Flip-in Event. In the event that any person or group (other than certain exempt persons) becomes an Acquiring Person, each holder of a Right (other than such Acquiring Person, any of its affiliates or associates or certain transferees of such Acquiring Person or of any such affiliate or associate, whose Rights automatically become null and void) will have the right to receive, upon exercise, Common Units having a value equal to two times the exercise price of the Right.
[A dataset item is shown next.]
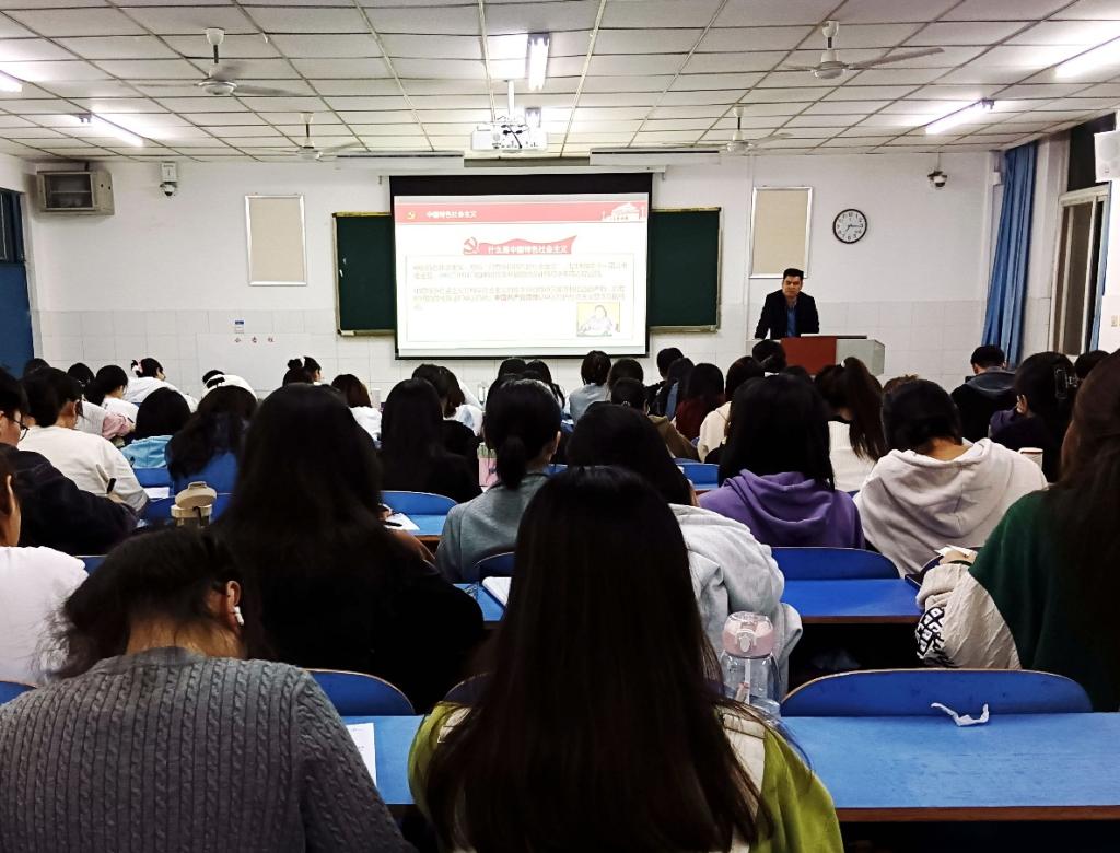 10月18日晚7点,必赢242net官网在E303教室举行2023年第二期入党积极分子培训班第四讲——《坚持和发展中国特色社会主义》,本次党课由学生第一党支部书记顾自卫老师主讲。

Flip-over Event. In the event that, at any time following the Unit Acquisition Date, any of the following occurs:

the Partnership consolidates with, or merges with and into, any other entity, and the Partnership is not the continuing or surviving entity;
any entity consolidates with, or merges with or into, the Partnership, and the Partnership is the continuing or surviving entity and, in connection with such consolidation or merger, all or part of the outstanding Common Units are changed into or exchanged for common units or other securities of any other entity or cash or any other property; or
the Partnership sells or otherwise transfers, in one transaction or a series of related transactions, fifty percent (50%) or more of the Partnership’s assets, cash flow or earning power,

 

each holder of a Right (except Rights which previously have been voided as described above) will have the right to receive, upon exercise, common units or equivalent securities of the acquiring company having a value equal to two times the exercise price of the Right.
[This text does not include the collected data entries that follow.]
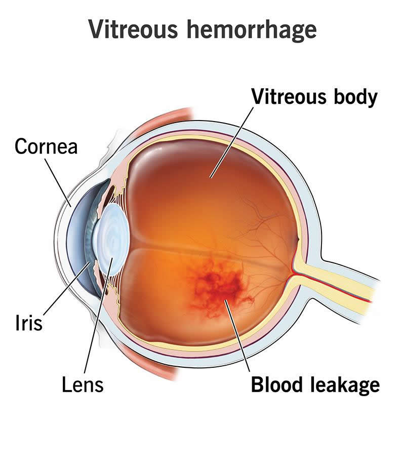 Diseases that weaken blood vessels in your eye or disrupt how they should work can lead to vitreous hemorrhage. Examples include, but aren’t limited to, the following:
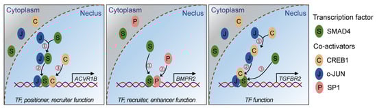 2.4. Three Coactivators (CREB1, c-JUN, and SP1) Are Essential for SMAD4-Mediated Feedback Regulation of TGF-β Family Signaling Pathways
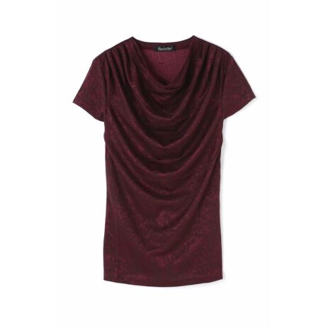【DESIGN】アニマルジャカード素材を用いたドレープカットソー。フロントゆとりを持たせた美しいドレープシルエットが特徴の一枚です。【TEXTILE】国産のオリジナルジャカ−ドジャージー。ブライトエステル糸を使用した、奥行きの感じるジャガード組織になっています。光沢感ある表情に、ブランドらしいアニマル柄で繊細さを表現しています。

Anti-dilution Adjustments. The exercise price payable, and the number of Common Units or other securities or property issuable, upon exercise of the Rights are subject to adjustment from time to time to prevent dilution:

 

in the event of a Common Unit distribution on, or a subdivision, combination or reclassification of, the Common Units,
if holders of the Common Units are granted certain rights, options or warrants to subscribe for Common Units or convertible securities at less than the current market price of the Common Units or
upon the distribution to holders of the Common Units of evidences of indebtedness or assets (excluding regular quarterly cash distributions) or of subscription rights or warrants (other than those referred to above).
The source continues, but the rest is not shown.